Market Risks and Opportunities

  • Risks:
    • Patent litigation extending exclusivity.
    • Delay or restriction of biosimilar approvals.
    • Shifts in treatment guidelines favoring newer agents with higher efficacy or fewer side effects.
  • Opportunities:
    • Expansion into previously untreatable or underserved populations.
    • International adoption of biosimilars offering lower price points.
    • Use in combination therapies for resistant or difficult-to-treat HCV strains.

Key Takeaways

  • The U.S. market for sofosbuvir (NDC 00078-1007) launched at approximately $84,000 per course in 2014.
  • Prices are projected to decline to about $13,000 by 2028, driven by patent expiration and biosimilar entry.
  • The global market remains segmented, with high prices persisting in the U.S. and Europe, while emerging markets offer significantly lower prices.
  • Patent challenges and regulatory developments will significantly influence future pricing and market share.
  • The combination therapies’ positioning and evolving treatment algorithms could impact demand for single-agent sofosbuvir.

FAQs

Q1: Will prices for sofosbuvir revert to higher levels if patent protections are extended?
No. Patent extensions are unlikely to significantly increase prices beyond current levels once market competition is established.

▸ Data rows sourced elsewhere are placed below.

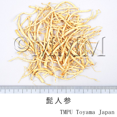 | 薬効 | [性味] 甘、微苦,微温. [帰経] 脾、肺、心、腎経. [効能] 大補元気,復脈固脱,補脾益肺,生津養血,安神益智. [主治] 体虚欲脱,肢冷脉徽,脾虚食少,肺虚喘咳,津傷口渇,内熱消渇,気血虧虚,久病虚贏,驚悸失眠,陽痿宮冷及び心力(機能)衰,心原性ショックに応用. | ||||||
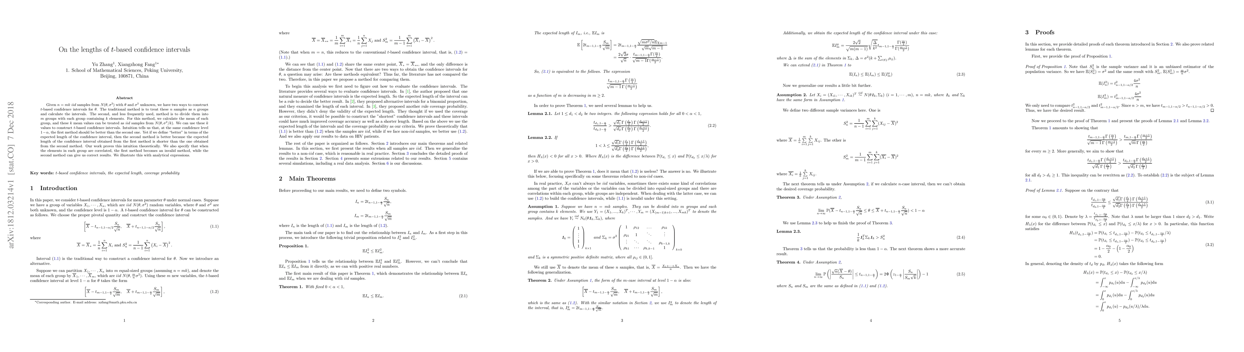 Given $n=mk$ $iid$ samples from $N(\theta,\sigma^2)$ with $\theta$ and $\sigma^2$ unknown, we have two ways to construct $t$-based confidence intervals for $\theta$. The traditional method is to treat these $n$ samples as $n$ groups and calculate the intervals. The second, and less frequently used, method is to divide them into $m$ groups with each group containing $k$ elements. For this method, we calculate the mean of each group, and these $k$ mean values can be treated as $iid$ samples from $N(\theta,\sigma^2/k)$. We can use these $k$ values to construct $t$-based confidence intervals. Intuition tells us that, at the same confidence level $1-\alpha$, the first method should be better than the second one. Yet if we define "better" in terms of the expected length of the confidence interval, then the second method is better because the expected length of the confidence interval obtained from the first method is shorter than the one obtained from the second method. Our work proves this intuition theoretically. We also specify that when the elements in each group are correlated, the first method becomes an invalid method, while the second method can give us correct results. We illustrate this with analytical expressions.
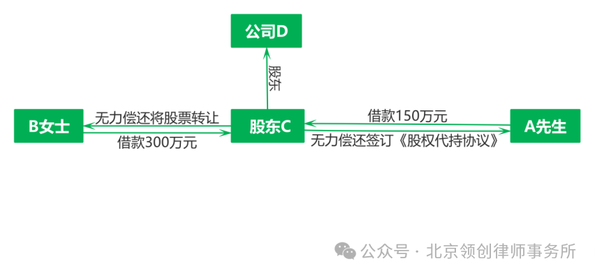 没有任何证据表明B女士知晓C先生代持的事情,将300万转给C先生后,C马上转给A先生80万元,用于偿还之前的欠款,进一步表明了B女士没有串通。
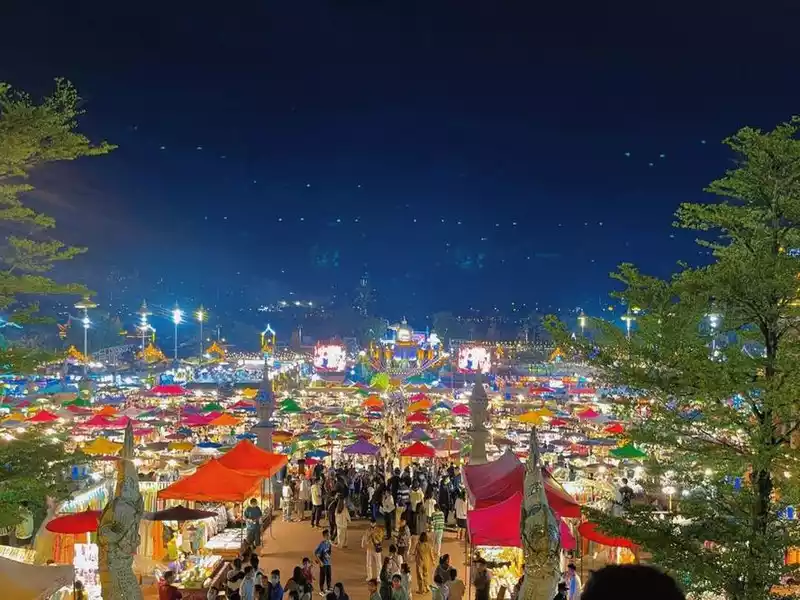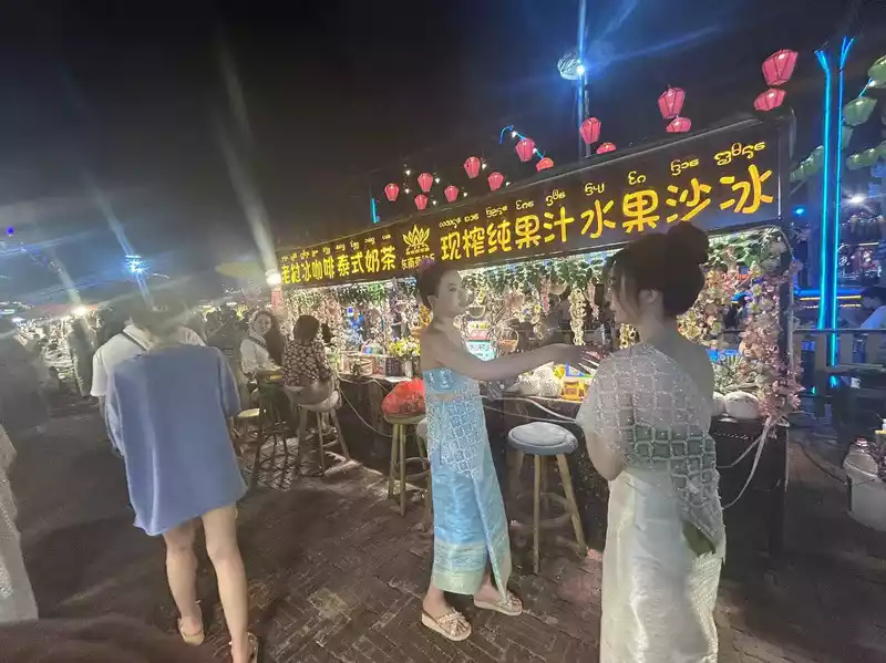 After a day of sightseeing, you'll definitely stay near Gaozhuang, where you'll find the Xingguang Night Market, Xishuangbanna's largest night market.

Q2: How do biosimilars impact the U.S. market for sofosbuvir?
Biosimilar presence will lower prices over time, but regulatory barriers and patent litigation are delaying their impact.

Q3: What are the key regulatory hurdles for lower-income markets?
Pricing policies, patents, import regulations, and affordability programs influence access and pricing.

Q4: Are newer HCV drugs replacing sofosbuvir?
Yes, newer agents with shorter treatment durations and improved tolerability are gaining favor, but sofosbuvir remains widely used.

Q5: How does the combination therapy market influence sofosbuvir pricing?
Most combinations include sofosbuvir; exclusive branded combinations maintain higher prices, while generic combinations lower costs.


References

[1] World Health Organization. (2022). Global hepatitis report 2022.

[2] Centers for Disease Control and Prevention. (2021). Hepatitis C FAQs for the Public.

[3] IQVIA. (2022). National Prescription Audit data.

[4] MarketsandMarkets. (2023). Hepatitis C Virus Market by Therapy, Region - Forecast to 2028.

[5] PatentScope. (2023). Patent expiration timelines for sofosbuvir.